Anyone visiting Google's Mountain View headquarters in California will come across an eclectic collection of statues. There, on a lawn, stands oversized models of various foodstuffs, including a gingerbread man, an éclair and an ice cream sandwich in the shape of a robot.
These are the search giant's monuments to Android, with each model representing a version of the mobile phone and tablet operating system, the most recent of which, Jelly Bean, was unveiled earlier this year.
Free for manufacturers to build their phones and tablets around, the Android system – launched in 2007 – has come to dominate the mobile world. Recent figures from the research firm IDC shows more than two-thirds of the smartphones shipped worldwide between April and June were based on Android, but recent events suggest life in the future may not be such a picnic for Google.
The decision last week by a nine-person jury in California to order Samsung to pay Apple $1.05bn (£663m) in damages has not just hit the South Korean technology giant. Samsung is the largest manufacturer of Android-based phones, and the ruling that its devices copied elements from the iPhone and the iPad has seen the attention switch to what it could mean for Google.
There's certainly no love lost between Apple and Android. Apple's co-founder Steve Jobs – who died last year aged 56 – told his biographer Walter Isaacson that he was "going to destroy Android" and that it was "a stolen product". Saying he was "willing to go thermonuclear war on this", he also said he would "spend my last dying breath if I need to, and I will spend every penny of Apple's $40 bn in the bank, to right this wrong".
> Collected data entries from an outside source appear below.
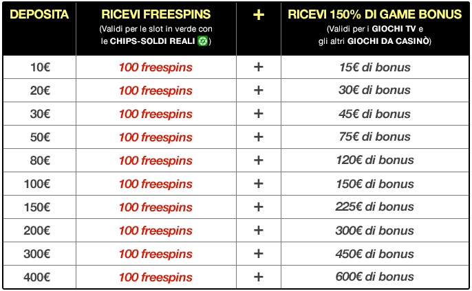 Inoltre, effettuando la tua prima ricarica, ricevi anche un game bonus del 150% fino a 600€ valido per giocare con le Roulette TV, già note sul canale 63 del digitale terrestre, a tutte le slot senza jackpot e a tutti gli altri giochi presenti nel casinò.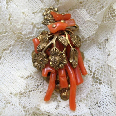 So with that - I thought I'd share with you some of my favorite vintage coral jewelry pieces that I've been admiring. Nothing says summer coastal chic more - than coral accessories..especially with a bit of turquoise mixed in.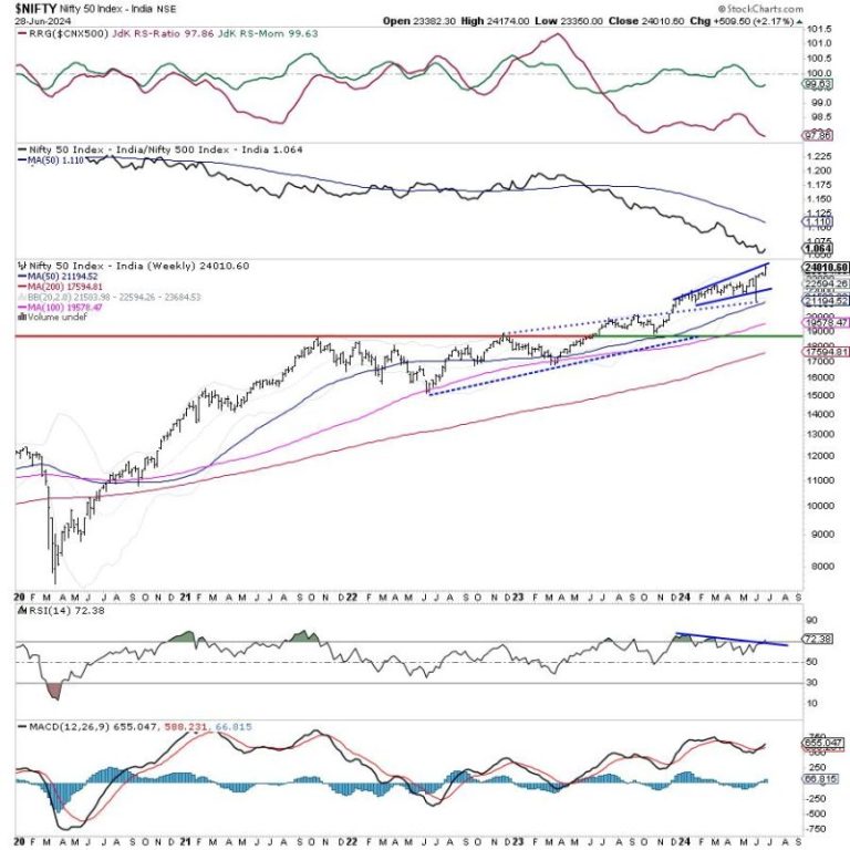 It is also important to note that the markets have again run too hard and ahead of themselves. The nearest MA, i.e., 20-week MA is currently placed at 22594 which is over 1400 points below the current close. The 50-week MA is placed at 21194 which is over 2800 points below the current close. This means that even if there is the slightest mean reversion taking place, we may see the markets coming off significantly from the current levels. If it does that, even then, it will keep its primary uptrend intact. Monday is likely to see a muted start to the week; the levels of 24200 and 24350 are likely to act as immediate resistance levels. The supports are likely to come in lower at 23900 and 23750 levels.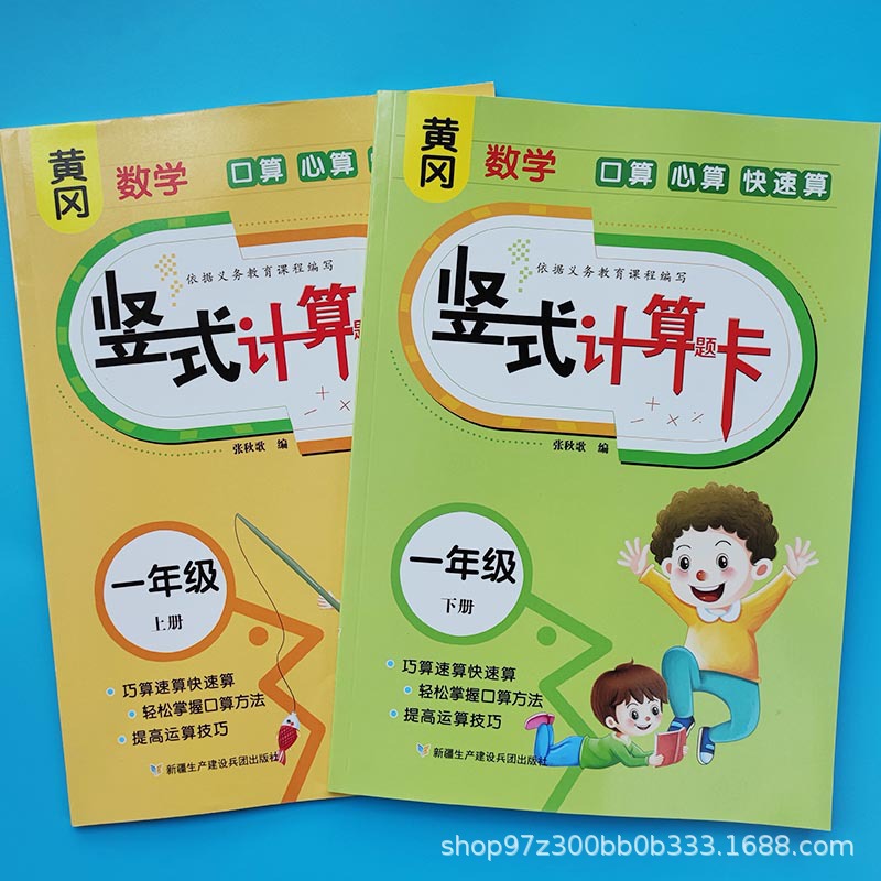 一年生の数学の算数の問題カードの上で下冊の人が版の縦式の計算問題を教えます。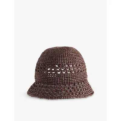 Womens Crochet Embossed-branding Woven Bucket Hat Cacao+naturale In Brown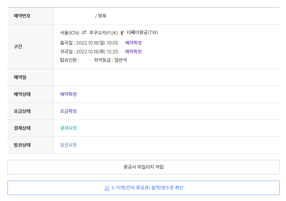 출국일 : 2022.10.16(일) 10:05

Yet rather than deciding to tackle Google face-on, Apple has been battling with the manufacturers who are making devices based on Android. Samsung is one of a number of adversaries, with Apple also currently taking on HTC and Motorola in the courts.
With last week's ruling finding that Samsung infringed design as well as software patents, Google's response to the verdict has been fairly calm, saying most of the "claims don't relate to the core Android operating system". However, it added that the "mobile industry is moving fast and all players are building upon ideas that have been around for decades.
"We work with our partners to give consumers innovative and affordable products."
"The ruling marks an important victory for Apple against Android," said Ben Reitzes, an analyst with Barclays. "Competitors may now think twice about how they compete in smart mobility devices with the industry's clear innovator".
He added that if Apple "forces competitors to innovate more, it could take longer for competitive products to come to market, and make it more expensive to develop them."
One winner out of all this could well be Microsoft. Its Windows Phone platform lags well behind both Apple and Google's systems in popularity, but the Samsung ruling prompted claims phone makers could now turn to the operating system instead of Android. Bill Cox, marketing director for the Windows Phone division, was certainly pleased – he responded to the court's decision by tweeting: "Windows Phone is looking gooooood right now."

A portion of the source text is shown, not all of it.